→ To do:
What you produce should match the records below precisely, except that images are removed.

→ Source information:

┌──

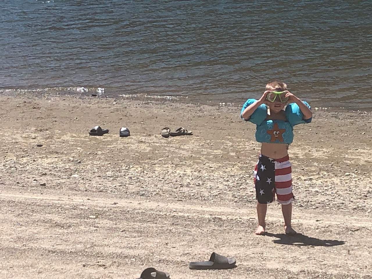 At this point, the day was pretty much shot for doing much of anything, so we decided to take the kids for a little exploration drive with our mini van rental. It was pretty hot and we all wanted to take a dip, Pyramid Lake was right across the highway, we paid the $12 and went for a swim. It was technically not an open swim area as it was all closed for the year still, although that didn’t stop us! Everyone was excited to get a dip in the lake, this was our first lake swim of the year. I can say it was a lot warmer then the lakes in Hinton, Alberta. It is only May 11th and we are swimming in the lake and enjoying it.
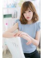 肩のラインで揺らめく、くせ毛風のとろみカールがふんわり大人かわいい愛されセミディ。斜めバングで目力強調し、ふわっとした毛流れで小顔に見せて美人度UP!明るいベージュカラーをオンしてグラマラスなモテ髪に仕上げれば、街の視線集中間違いナシ!
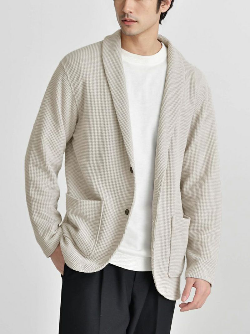ベージュのワッフルテーラードカーディガンをメインに、オフホワイトのハイゲージジャケニットとブラックのテーパードパンツを組み合わせて、上品な雰囲気を演出しましょう。足元はシンプルなブラックスニーカーで抜け感をプラス。
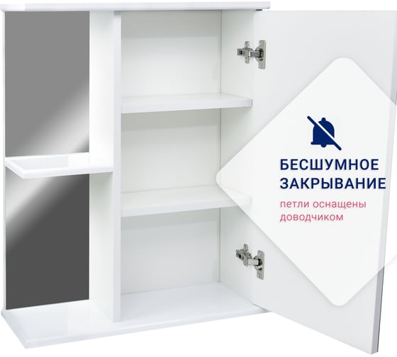 Зеркальный шкафчик 55 в ванную универсальный с полками RUVANN З.У.Д-55П
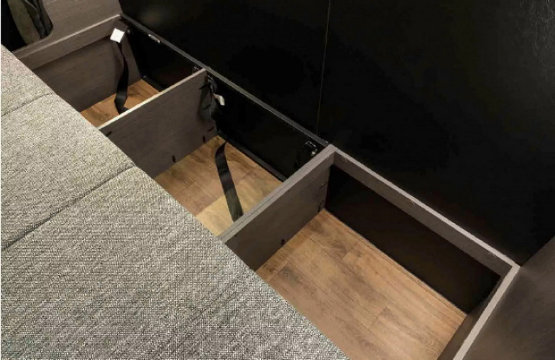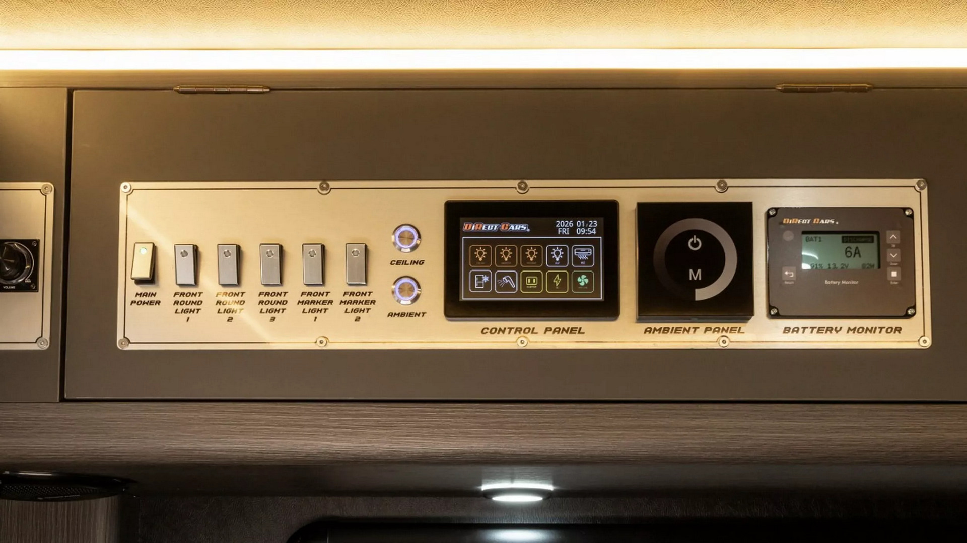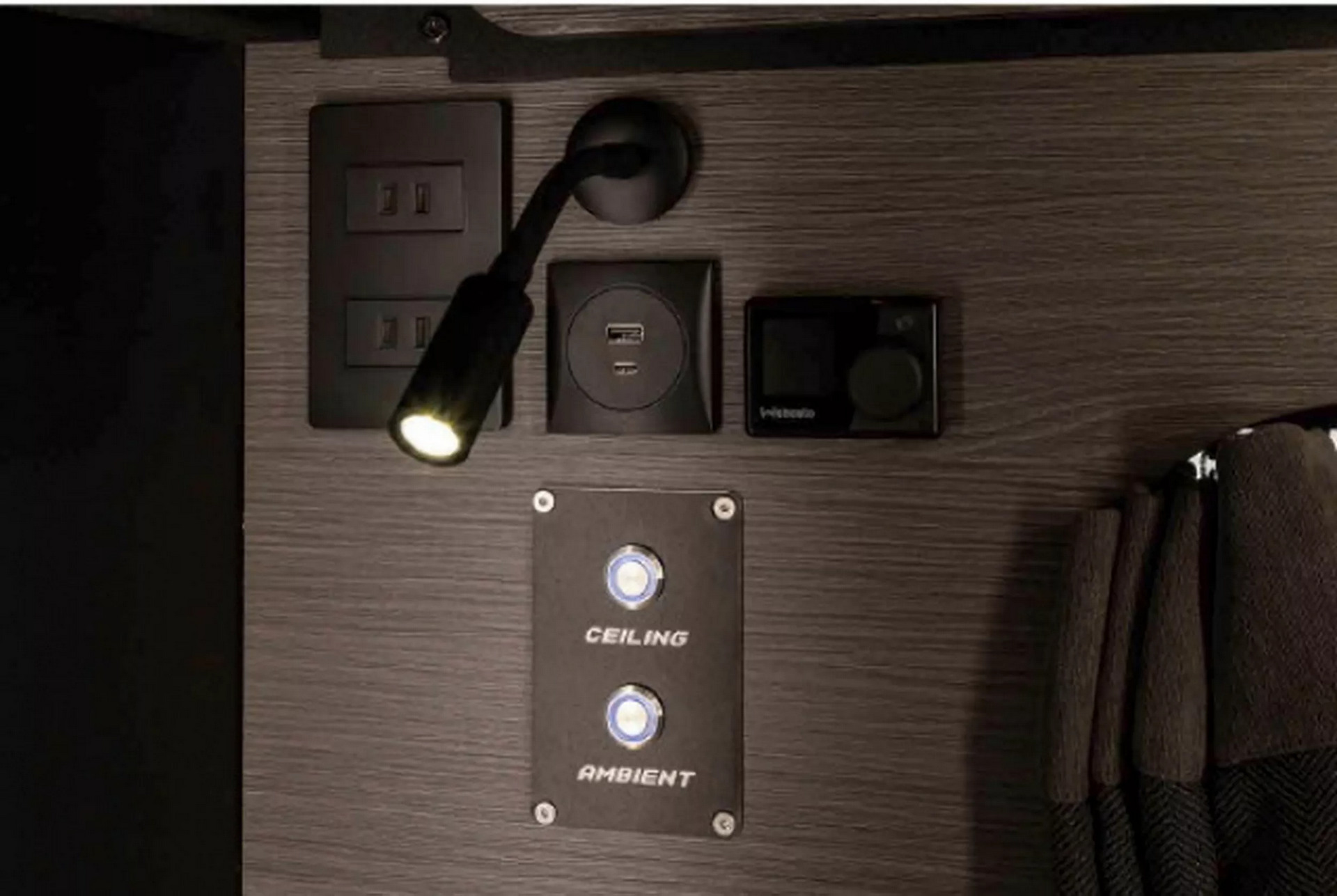 На борту также имеются микроволновая печь, раковина, 35-литровый холодильник и даже кондиционер. Под нижней кроватью спрятаны ящики для хранения вещей, а всё внутреннее пространство хорошо освещается и снабжено множеством USB-портов для зарядки гаджетов. По умолчанию автомобиль комплектуется аккумуляторным блоком на 100 ампер-часов, а за доплату доступен второй такой же блок и солнечные батареи на крышу совокупной мощностью генерации 100 Вт.

└──

→ Exercise result:
 At this point, the day was pretty much shot for doing much of anything, so we decided to take the kids for a little exploration drive with our mini van rental. It was pretty hot and we all wanted to take a dip, Pyramid Lake was right across the highway, we paid the $12 and went for a swim. It was technically not an open swim area as it was all closed for the year still, although that didn’t stop us! Everyone was excited to get a dip in the lake, this was our first lake swim of the year. I can say it was a lot warmer then the lakes in Hinton, Alberta. It is only May 11th and we are swimming in the lake and enjoying it.
 肩のラインで揺らめく、くせ毛風のとろみカールがふんわり大人かわいい愛されセミディ。斜めバングで目力強調し、ふわっとした毛流れで小顔に見せて美人度UP!明るいベージュカラーをオンしてグラマラスなモテ髪に仕上げれば、街の視線集中間違いナシ!
ベージュのワッフルテーラードカーディガンをメインに、オフホワイトのハイゲージジャケニットとブラックのテーパードパンツを組み合わせて、上品な雰囲気を演出しましょう。足元はシンプルなブラックスニーカーで抜け感をプラス。
 Зеркальный шкафчик 55 в ванную универсальный с полками RUVANN З.У.Д-55П
 На борту также имеются микроволновая печь, раковина, 35-литровый холодильник и даже кондиционер. Под нижней кроватью спрятаны ящики для хранения вещей, а всё внутреннее пространство хорошо освещается и снабжено множеством USB-портов для зарядки гаджетов. По умолчанию автомобиль комплектуется аккумуляторным блоком на 100 ампер-часов, а за доплату доступен второй такой же блок и солнечные батареи на крышу совокупной мощностью генерации 100 Вт.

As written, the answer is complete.